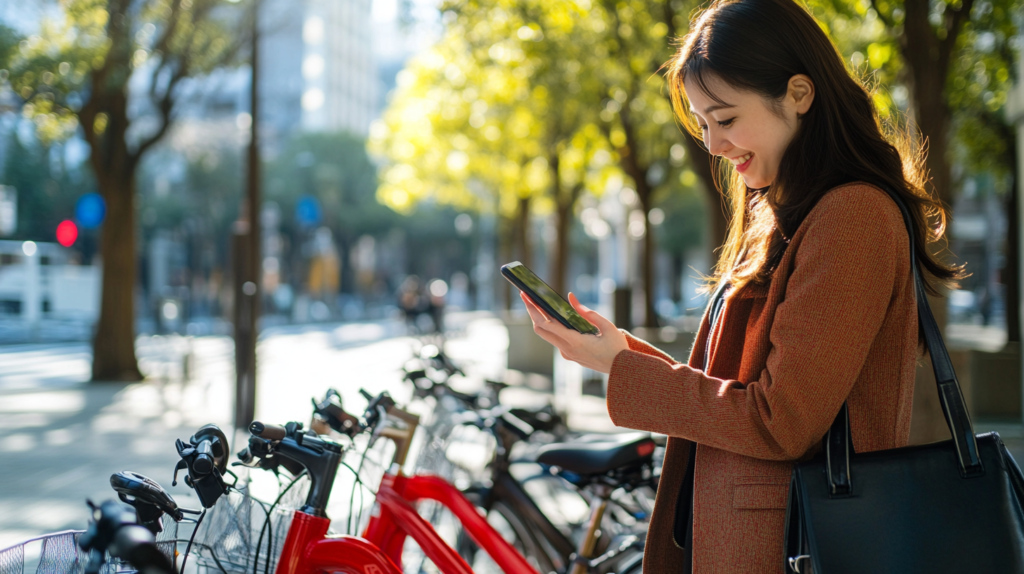 ポートの場所や空き状況は各サービスの専用アプリで確認できます。特に朝の通勤時間帯は人気のポートで自転車がなくなることもあるため、事前に予約機能を活用するとよいでしょう。
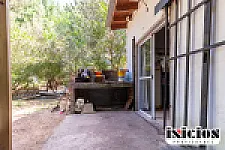 El exterior de la propiedad es uno de sus puntos más destacados, con un hermoso fondo que cuenta con una gran cantidad de distintos arboles, creando un entorno natural y privado.
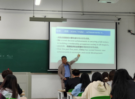 最后,段教授针对直译和意译进行了深入的讲解。他指出在翻译过程中,我们可以根据具体的情境进行具体分析,选择直译和意译结合起来或分开来使用,让同学们更直观地了解到在语境中进行翻译的重要性。

━━━━

→ YOUR INSTRUCTIONS
An exact repetition of the listing is needed, with the pictures dropped.

→ EXERCISE RESULT
 ポートの場所や空き状況は各サービスの専用アプリで確認できます。特に朝の通勤時間帯は人気のポートで自転車がなくなることもあるため、事前に予約機能を活用するとよいでしょう。
 El exterior de la propiedad es uno de sus puntos más destacados, con un hermoso fondo que cuenta con una gran cantidad de distintos arboles, creando un entorno natural y privado.
 最后,段教授针对直译和意译进行了深入的讲解。他指出在翻译过程中,我们可以根据具体的情境进行具体分析,选择直译和意译结合起来或分开来使用,让同学们更直观地了解到在语境中进行翻译的重要性。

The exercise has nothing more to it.